American singer (1952–2024)

Paul Taylor "Watty" Watson (March 16, 1952 – November 20, 2024) was an American cornetist, guitarist, trumpet player, singer, composer, and songwriter who lived in Richmond, Virginia.

== Life and career ==
Watson was born in Monkey's Eyebrow, Kentucky on March 16, 1952. He is best known for his work with Orthotonics, FSK, Sparklehorse, and Patrick Phelan.

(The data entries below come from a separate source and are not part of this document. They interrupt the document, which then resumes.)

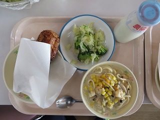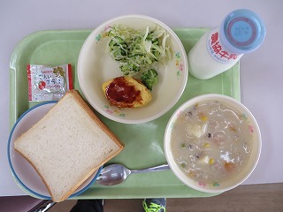 食パン クリームシチュー オムレツ サラダ ジャム 牛乳
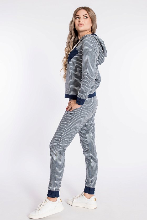 Костюм из футера двухнитки в вертикальную полоску с отделочными деталями изо льна. Толстовка с капюшоном, длинным рукавами на манжетах, с планкой по низу. Спереди расположен нагрудный карман. Ширина капюшона регулируется при помощи шнура. Брюки с боковыми карманами, притачным поясом и манжетами.
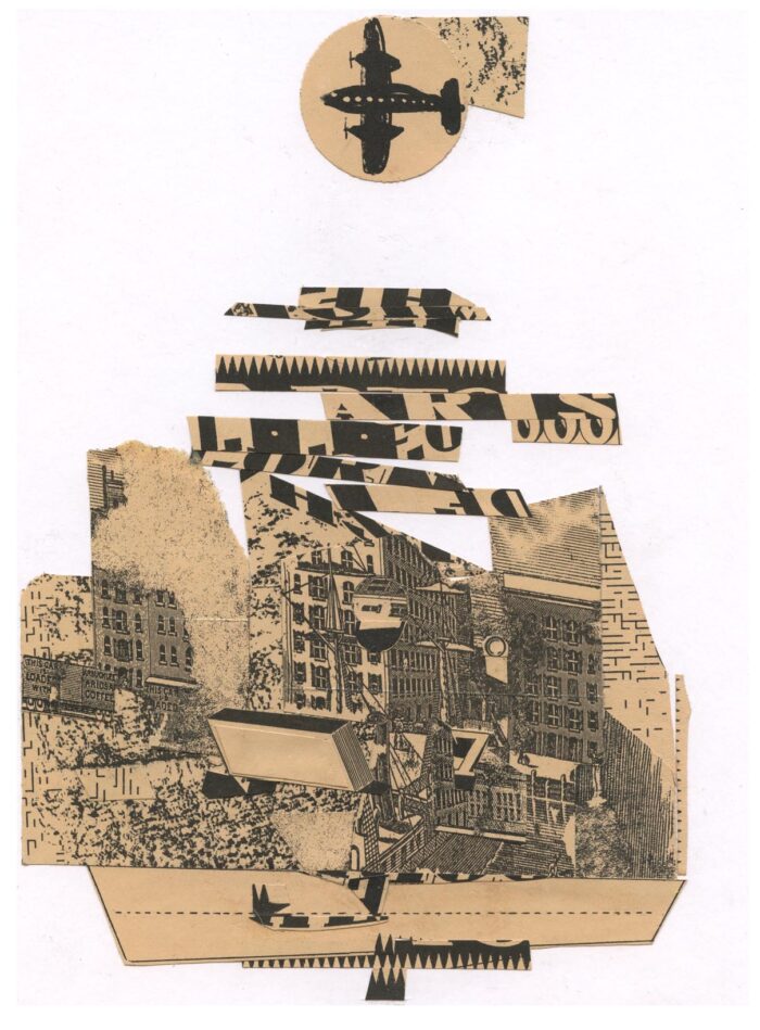 All in a days work: a collage (from a discarded 2006 flyer) a drawing/collage (from previous laser prints of the same overall drawing) and, finally, from my car on the way out of the CalArts campus where I have my studio)...

From 2007 onward he worked frequently in New York and Europe with the band And The Wiremen, and his principal collaborator in that band, composer Lynn Wright. With Wright, he also worked regularly with the New York-based choreographer Rachel Cohen, and a wide range of improvisors and songwriters, including Pere Ubu's Tony Maimone, poet Pete Simonelli, violinist Simon Goff, singer Little Annie and her music director Paul Wallfisch, and experimental German vocalist Christiane Hommelsheim.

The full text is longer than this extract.